Well done with the warning before the video, as it still is a visceral shock after all these years and viewings.
Thanks too for enticing me into reading "Libra". DeLillo really gets inside the characters’ heads and, inevitably, the prominent DJ in it constantly brought Wolfman Jack to mind.
PS Thanks for the generous name-check.
---
*Comment 1 from Gerald Smith = "As a(n ageing English) fan of US history, Shakespeare, Blake and Dylan’s genius,"
Comment 2 from me = As a(n ageing Scottish) fan of , Shakespeare, Blake and Dylan’s genius,
What a fine sense of community!
Many thanks, Andy! And I'm glad to hear that I turned you onto Libra. As long as this three-part series was, it could have been even longer. One of the sections I had planned but ended up cutting for length was on Weird Beard, the Dallas DJ cut from the cloth of Wolfman Jack, whom DeLillo uses as a kind of Cassandra for the gathering storm in Dallas.

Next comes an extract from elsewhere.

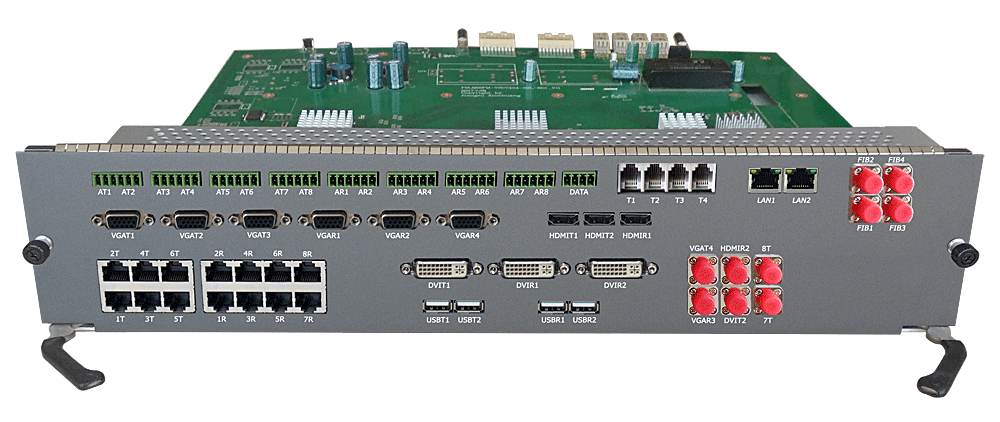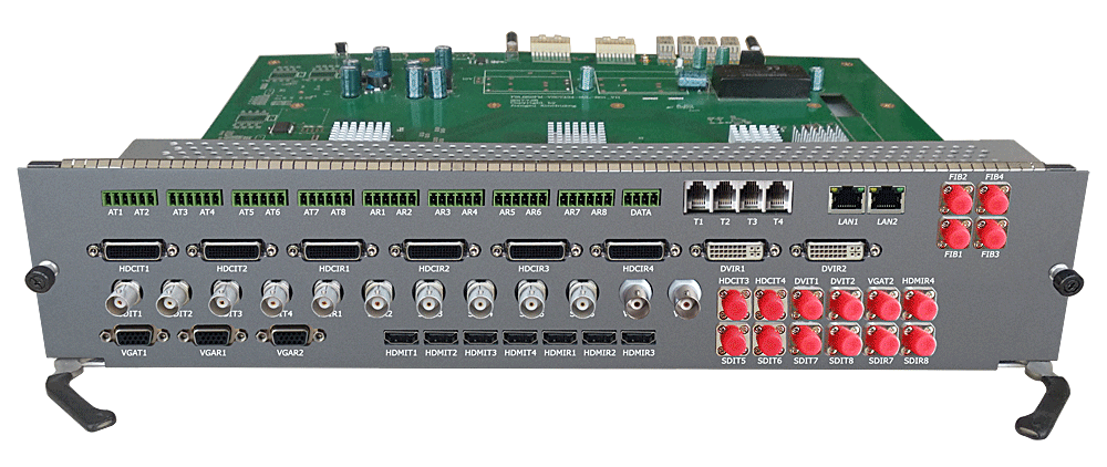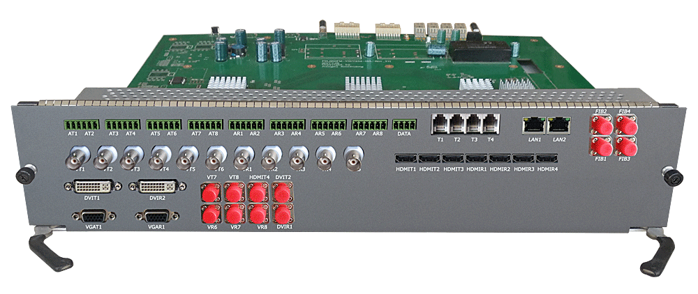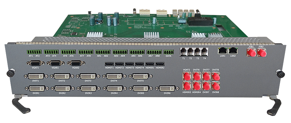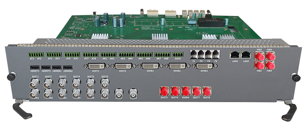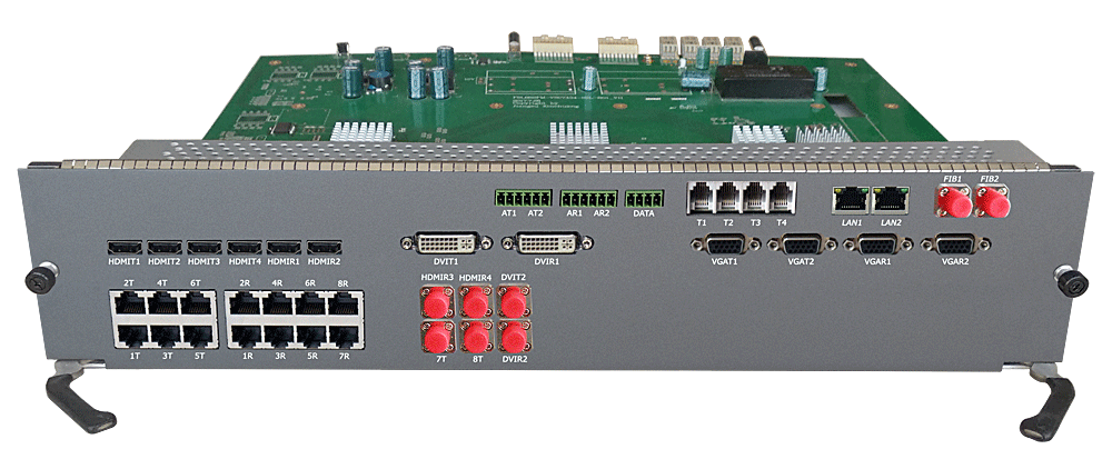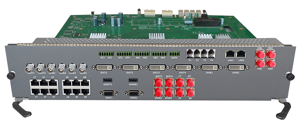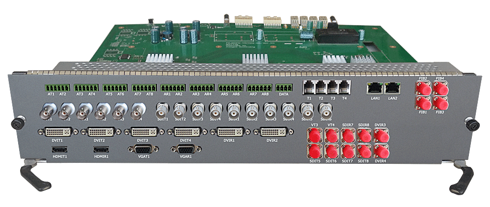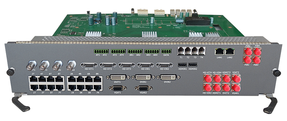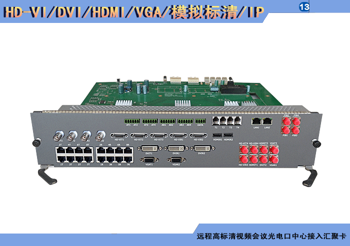 HD-VI/DVI/HDMI/DP/VGA/YPbPr/模擬標清視頻/IP網絡攝像機+DVI/HDMI/DP/VGA/YPbPr/模擬標清視頻/IP網絡顯示屏系列光電口中心接入匯聚卡 |

Russ "The Weird Beard" Knight was a real person. In fact, the popular DJ was acquaintances with Jack Ruby, which earned him a summons to appear before the Warren Commission.
Now I'll go read some Dostoevsky, and you can advance to DeLillo's masterpiece Underworld. Cheers, Andy!
Excellent. Thank you. As a(n ageing English) fan of US history, Shakespeare, Blake and Dylan’s genius, I find your insights and perspectives very stimulating.
Sounds like we've got a lot in common. Much appreciated, Gerald!